Self-control is learned behavior, and all parents would like their children to have more of it. In order to learn self-control, however, children first have to learn to let others, such as parents, control them. Being able to follow instructions is a good example. First, children learn to follow their parents instructions; then, they learn to follow instructions they give themselves. The same holds true for following rules, which are more "formal" types of instructions.
For example, a parent can teach a toddler not to touch a household item like a DVD player by administering a small amount of discipline (e.g., a brief time-out) each time the toddler touches the item. With such a small consequence, the toddler will usually not learn the rule the first time around. In fact, the toddler will probably touch the DVD player many times and spend a lot of time in time-out during the learning process. But with enough repetition, the toddler will begin to make the connection.
It looks something like this: The toddler approaches the DVD player, but then veers away from it. Being close to the DVD player has begun to make the toddler feel uncomfortable because he associates it with the discomfort of time-out. Something quite similar happens with appropriate behavior, too. First, a parent uses praise to make the child feel good about doing the right thing. Ultimately, through association, the child begins to feel good about using the behavior even when the parent is not around.
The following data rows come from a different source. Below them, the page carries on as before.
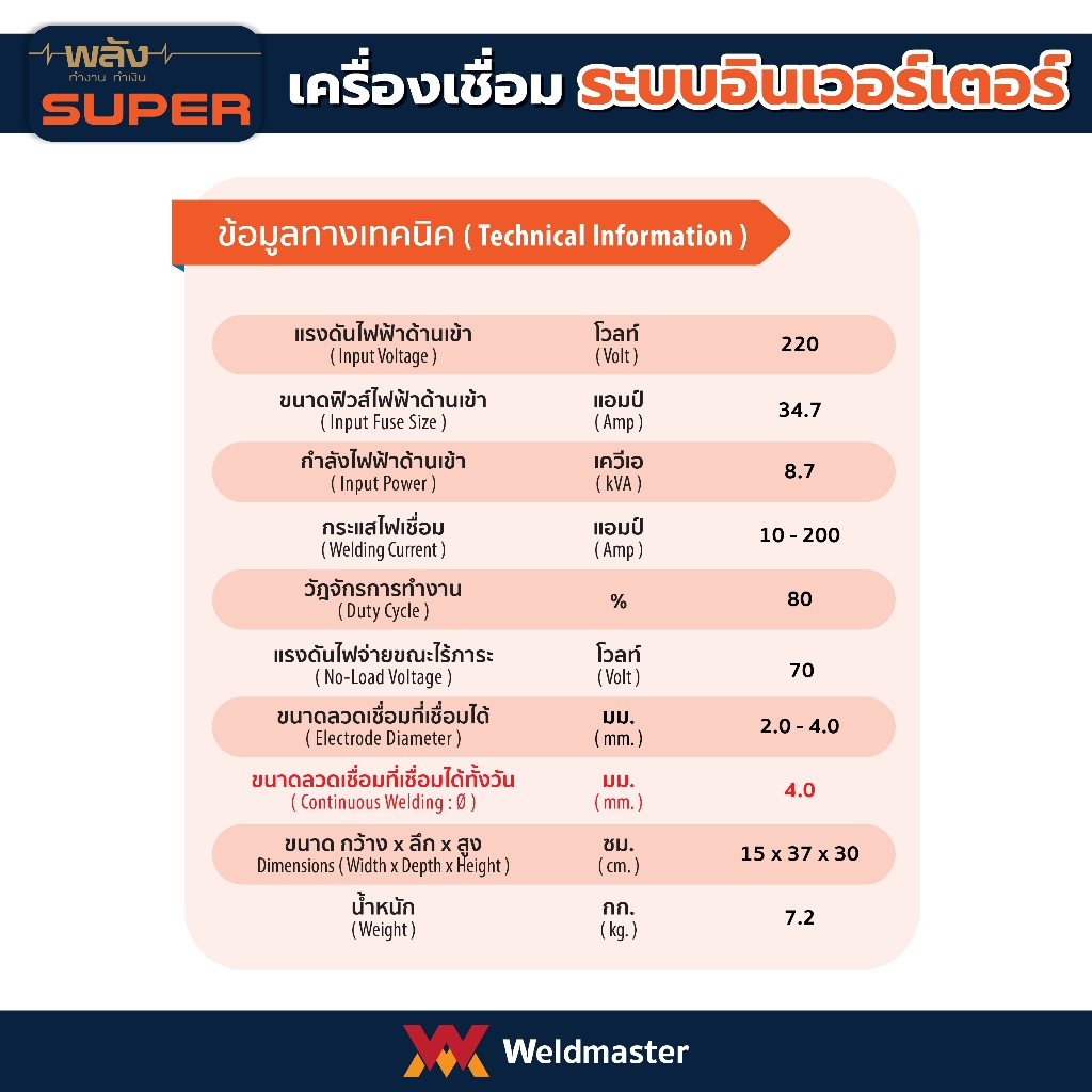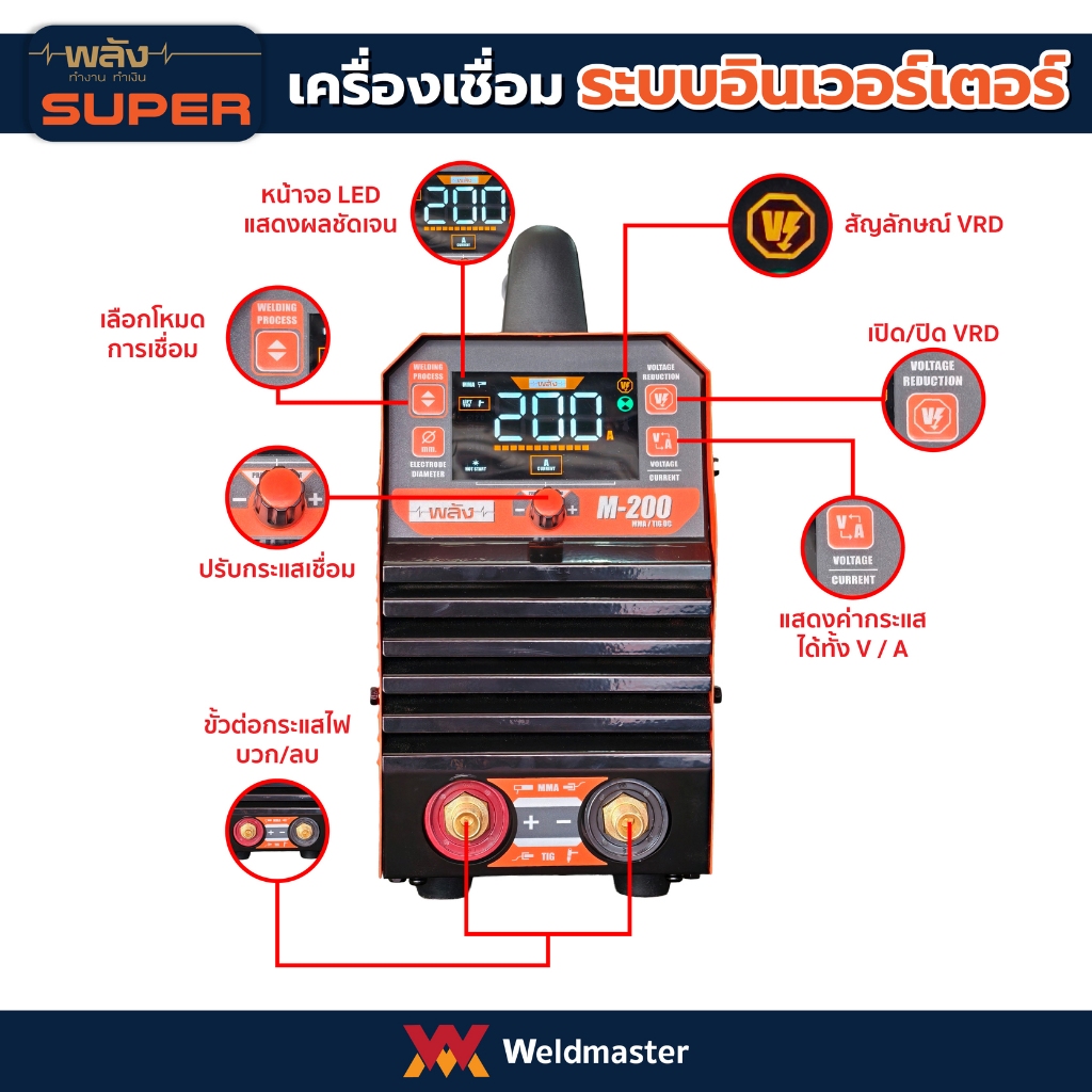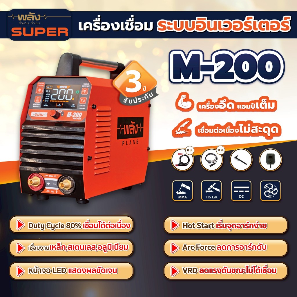 เครื่องเชื่อม ตู้เชื่อม อินเวอร์เตอร์ พลัง รุ่น M-200 ระบบMMA/TIG Scratch(ประกัน3ปี, พร้อมอุปกรณ์มาตรฐาน)
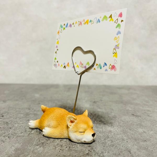■可愛いイヌのメモスタンド 柴犬 かわいいメモクリップ 置物 インテリア 動物 卓上 雑貨 メモホルダー カードクリップ
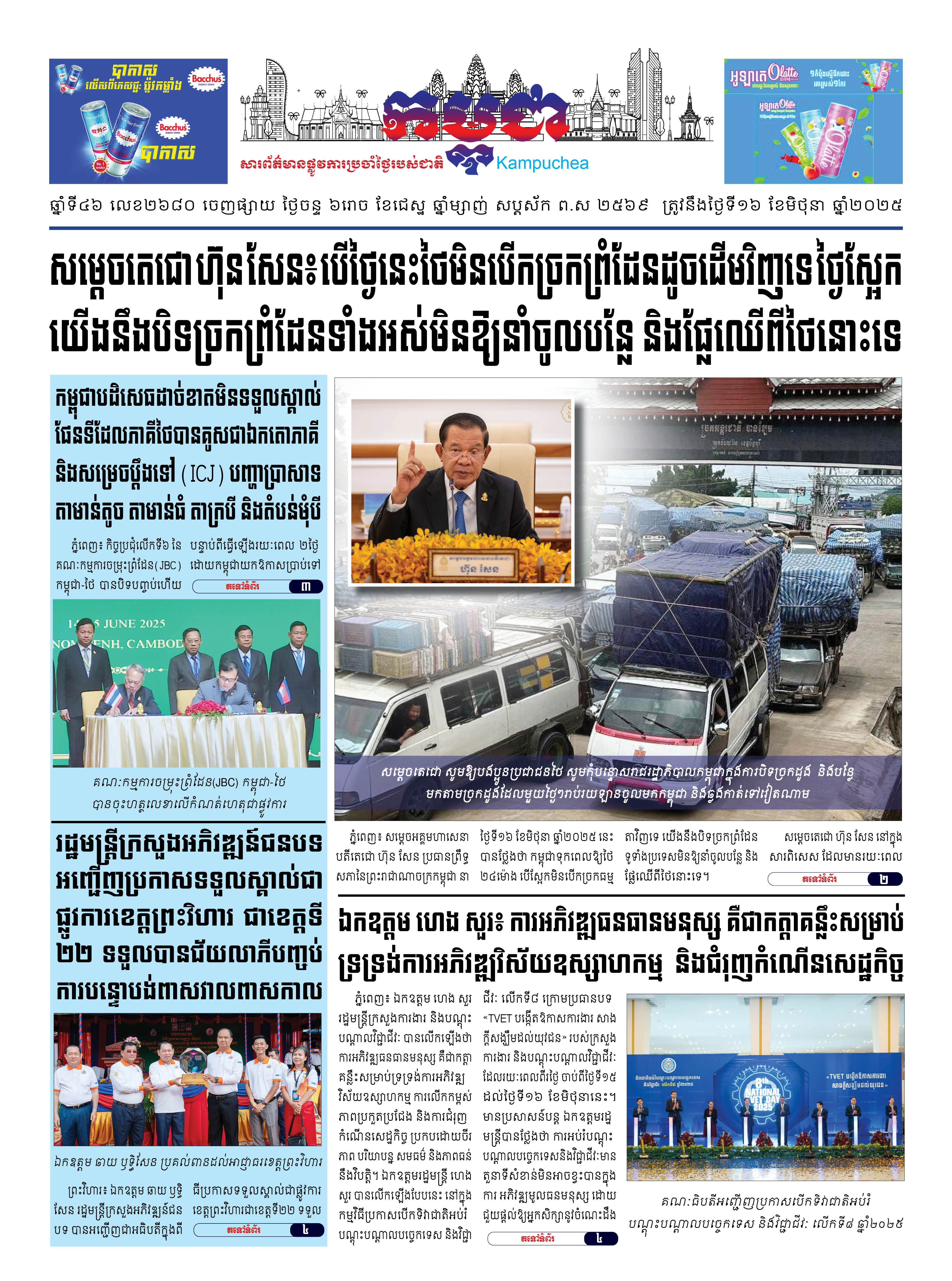 កាសែតកម្ពុជាលេខ២៦៨០ ចេញផ្សាយថ្ងៃចន្ទ ទី១៦ ខែមិថុនា ឆ្នាំ២០២៥
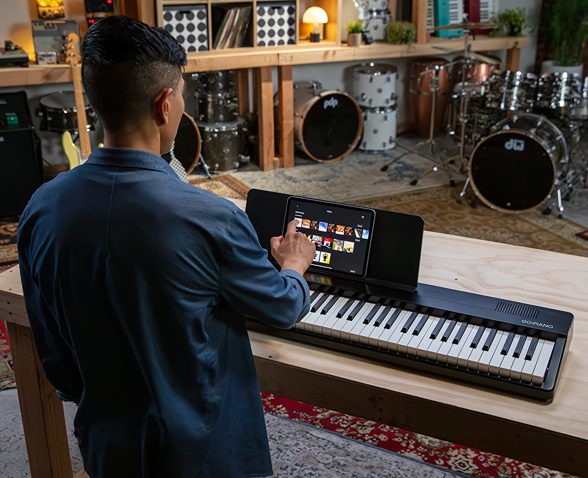 GO:PIANO88, ince yapısı ve sade ztasarımıyla şık bir görünüm ve üstün piyano performansı sunar. İlk kez bir enstrüman çalıyorsanız bile sade ve kullanışlı yapısıyla sizi çalmaya teşvik eder. Akustik kuyruklu piyanolardan ilham alınarak tasarlanan 88 tam boyutlu tuş, gerçekçi bir çalım hissi ve hassas bir dokunuş sunar. Fildişi hissine sahip tuşlar, zarif siyah gövdeyle mükemmel bir uyum içindedir.
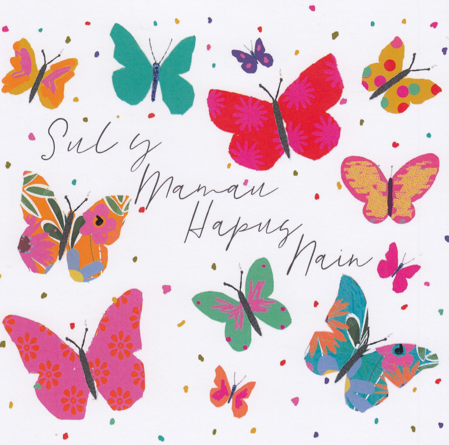 Cerdyn lliwgar ar gyfer anfon eich dymuniadau gorau at eich Nain ar ddiwrnod Sul y Mamau.
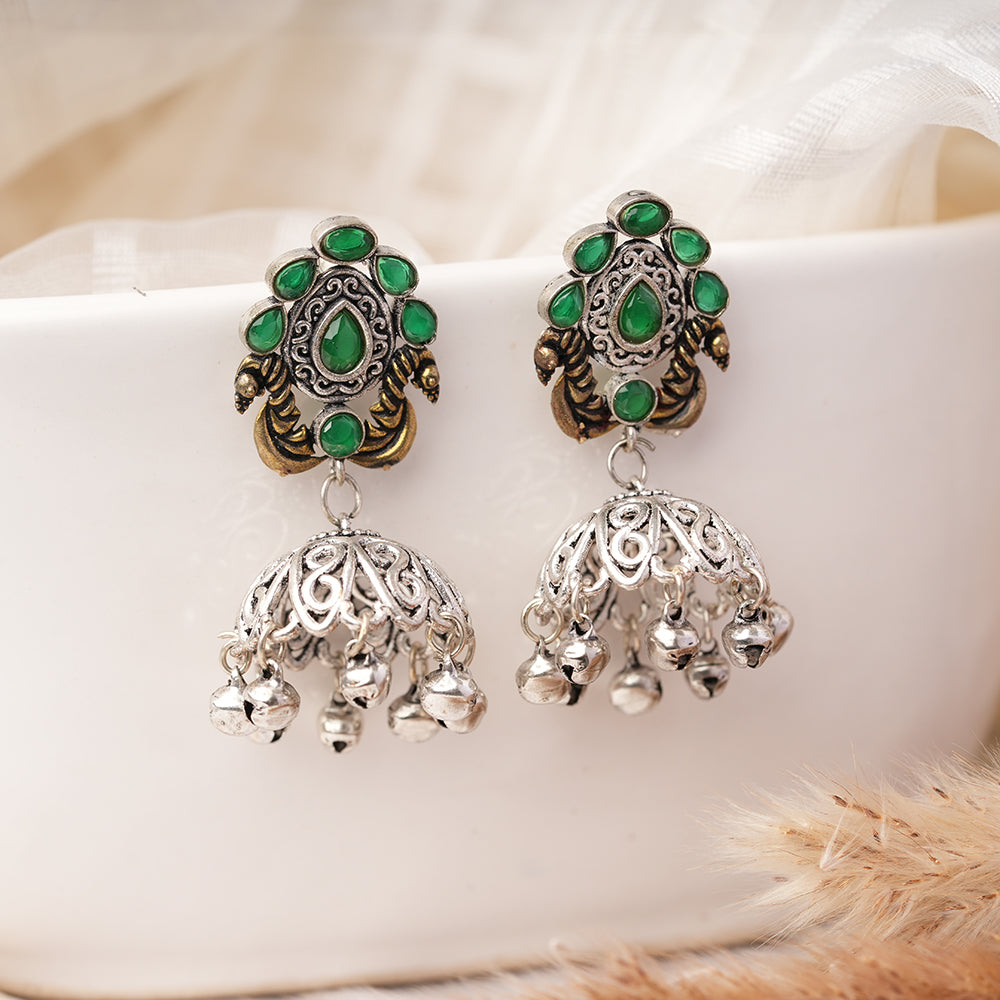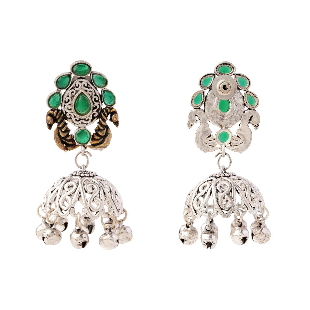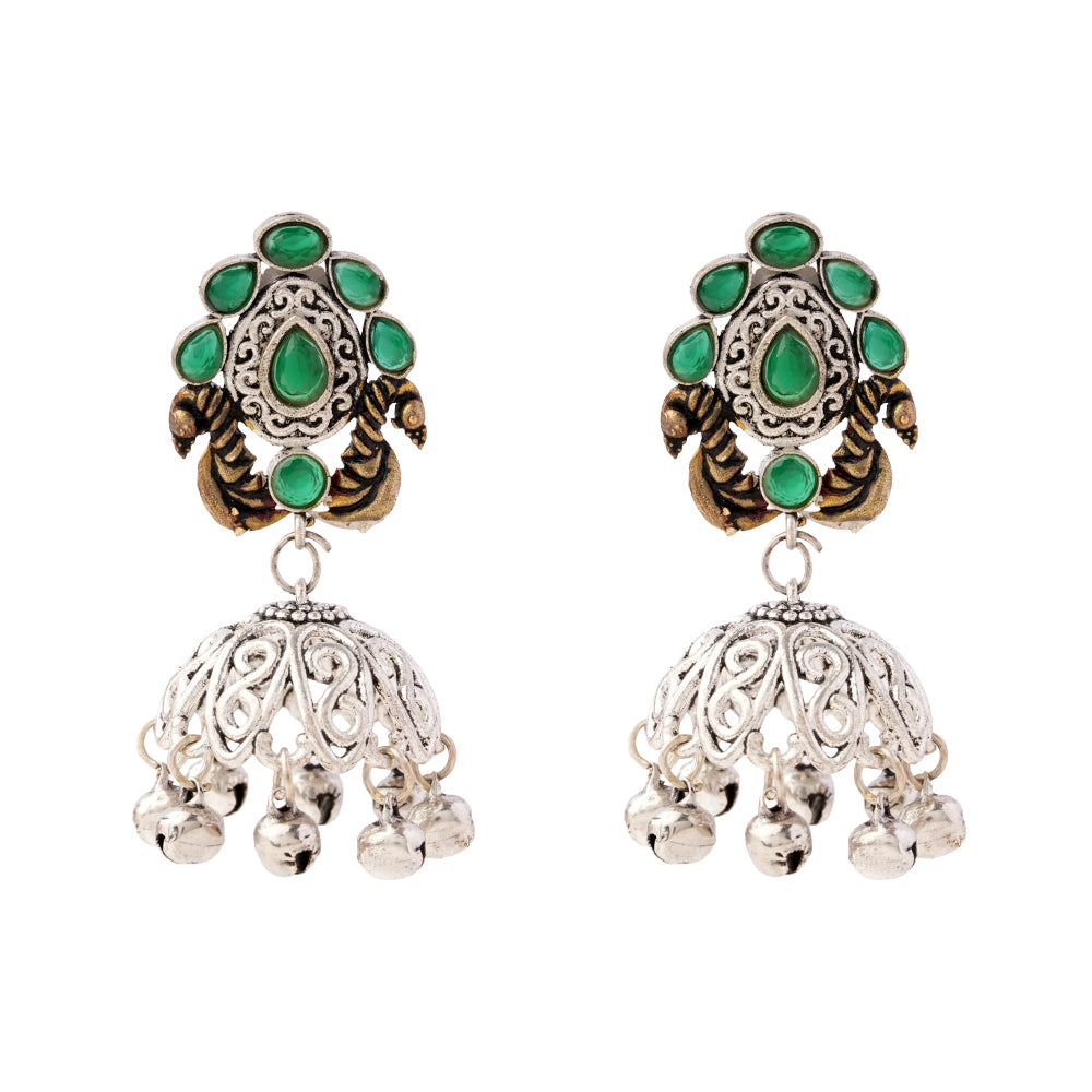 Kusumeyura- Silver Brass Stone-Studded Jhumka Earrings(Green)
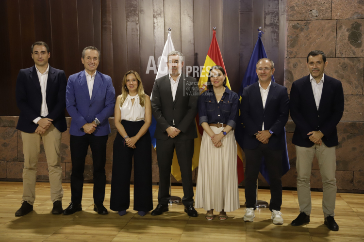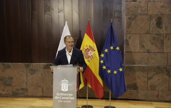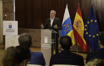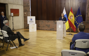 El presidente de Canarias, Fernando Clavijo, participó hoy en la rueda de prensa en la que Tenerife y La Palma presentan una candidatura compartida para albergar el futuro Centro Nacional de Vulcanología. En esta rueda de prensa, estuvieron presentes la presidenta del Cabildo de Tenerife, Rosa Dávila; el presidente del Cabildo de La Palma, Sergio Rodríguez: y la consejera de Universidades, Ciencia e Innovación y Cultura, Migdalia Machín.
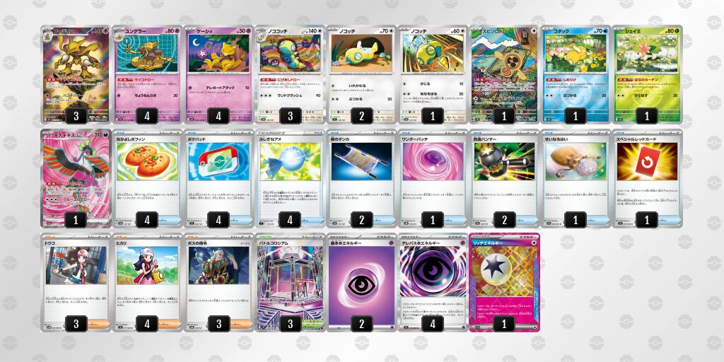 メインアタッカーの【フーディン】が非ルールポケモンです。相手に倒されてもサイドを1枚しか進められません。
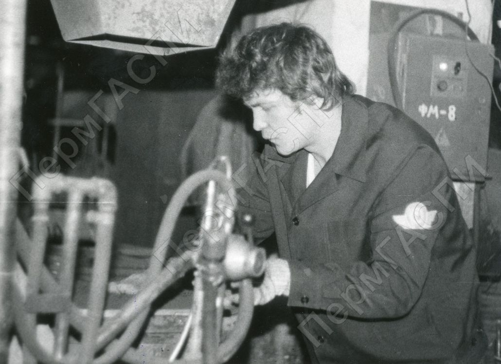 Субботник, посвященный XX съезду ВЛКСМ. У пресса работает заместитель начальника цеха 11, пропагандист комсомольской политсети Андриянов В.В. ПО "Моторостроитель" им. Я.М. Свердлова

So in the initial stages of teaching child self-control, the parent provides unpleasant consequences for inappropriate behavior and pleasant consequences for appropriate behavior. But as time passes, and learning episodes accumulate, the child experiences the unpleasantness or pleasantness on his or her own. When self-control is well established, the mere thought of misbehavior causes discomfort. This discomfort does not spontaneously grow inside the child. It has to be put there through learning processes that are established throughout the child's young life.
So, when a parent teaches a child to follow a simple instruction or rule, there is much more going on. That parent is laying the foundation for building the child's capacity to follow his or her own instructions. In short, parents who successfully manage their young children's behavior are laying the groundwork for children to manage their behavior (self-control) on their own.